Sunday, March 10, 2013

Secret courts: Tom McNally in Wonderland

The Liberal Democrat leadership does not seem to have made much of an attempt to defend secret courts. Alex's Archives covers Nick Clegg's performance at his question and answer session in Brighton:
we saw pretty much every tool deployed from the box marked “evasion tactics for politicians who don’t wish to engage”.
In the secret courts vote itself, Tom McNally seems to have acted as the voice of the party establishment.

According to the Guardian:
McNally, a justice minister, indicated he was unlikely to lead a rebellion but would instead seek further concessions. He said it was to the credit of the party that it was so troubled by the issue of secret courts, but said the bill's critics lived in an Alice in Wonderland world.
This argument that party leaders and ministers have a unique connection with reality, while activists are by nature unworldly, has always seemed strange to me. Surely it is activists, with their jobs, mortgages and journeys to work who understand how most voters live?

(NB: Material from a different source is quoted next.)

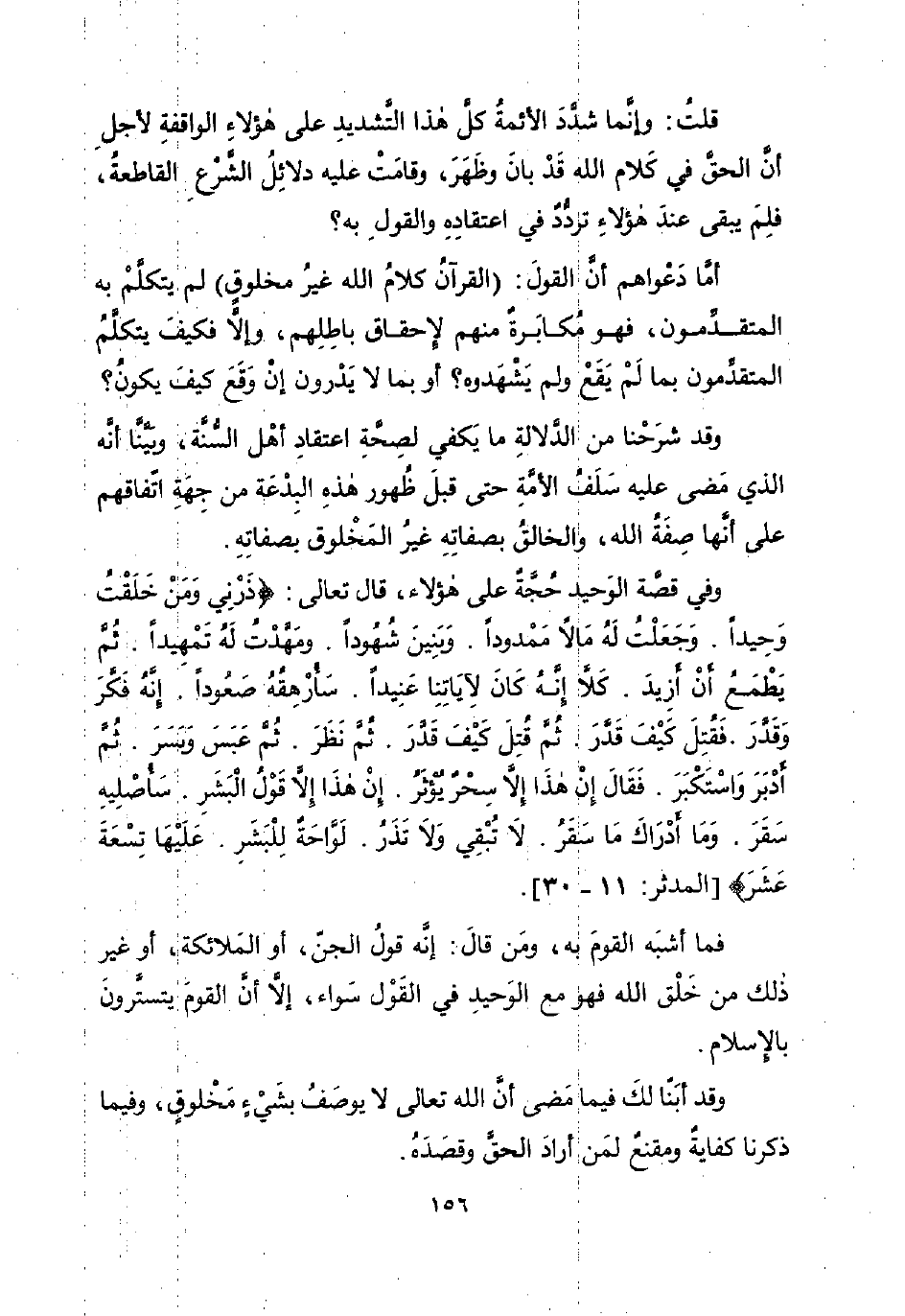 وقد شرَحْنا من الدَّلالةِ ما يَكفي لصِحَّةِ اعتقادِ أهْل السُّنَّة، وبَيَّنَّا أنَّه الذي مَضى عليه سَلَفُ الأمَّةِ حتى قبلَ ظُهور هذهِ البِدْعَة من جِهَةِ اتّفاقهم على أنَّها صِفَةُ الله، والخالقُ بصفاتِهِ غيرُ المَخْلوق بصفاتِهِ.

And I don't recall any Lib Dem grandees insulting party members when they were asking them to go to Eastleigh or donate money a fortnight ago.

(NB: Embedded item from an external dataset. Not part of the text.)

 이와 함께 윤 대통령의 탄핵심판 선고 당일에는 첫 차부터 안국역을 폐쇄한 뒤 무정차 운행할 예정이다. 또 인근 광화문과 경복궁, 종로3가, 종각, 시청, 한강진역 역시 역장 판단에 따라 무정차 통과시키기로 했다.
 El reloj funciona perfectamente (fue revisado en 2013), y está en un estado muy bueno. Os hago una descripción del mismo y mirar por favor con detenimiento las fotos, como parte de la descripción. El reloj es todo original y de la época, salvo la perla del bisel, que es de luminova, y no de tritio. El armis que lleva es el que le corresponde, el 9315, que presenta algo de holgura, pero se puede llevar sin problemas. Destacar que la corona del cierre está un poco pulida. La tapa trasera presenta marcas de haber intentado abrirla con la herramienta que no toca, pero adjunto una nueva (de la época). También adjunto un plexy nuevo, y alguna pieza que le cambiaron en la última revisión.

But the parallel with Alice in Wonderland is useful here:
"Let the jury consider their verdict," the King said, for about the twentieth time that day. 
"No, no!" said the Queen. "Sentence first - verdict afterwards." 
"Stuff and nonsense!" said Alice loudly. "The idea of having the sentence first!" 
"Hold your tongue!" said the Queen, turning purple. 
"I won't!" said Alice. 
"Off with her head!" the Queen shouted at the top of her voice.
"Sentence first - verdict afterwards" may well be what we get from secret courts. Take this BBC News report from 2006 (thanks to Love and Garbage on Twitter for the link):
A judge has criticised the Home Office over contradictory MI5 intelligence in secret hearings involving two terrorism suspects, it has emerged. 
The error came to light only because one barrister acted in both Special Immigration Appeals Commission cases. 
Mr Justice Newman said the "administration of justice" had been put at risk in the cases of Algerian Abu Doha and a suspect known as MK.
If anyone has been taking tea with the Mad Hatter, it is Tom McNally himself.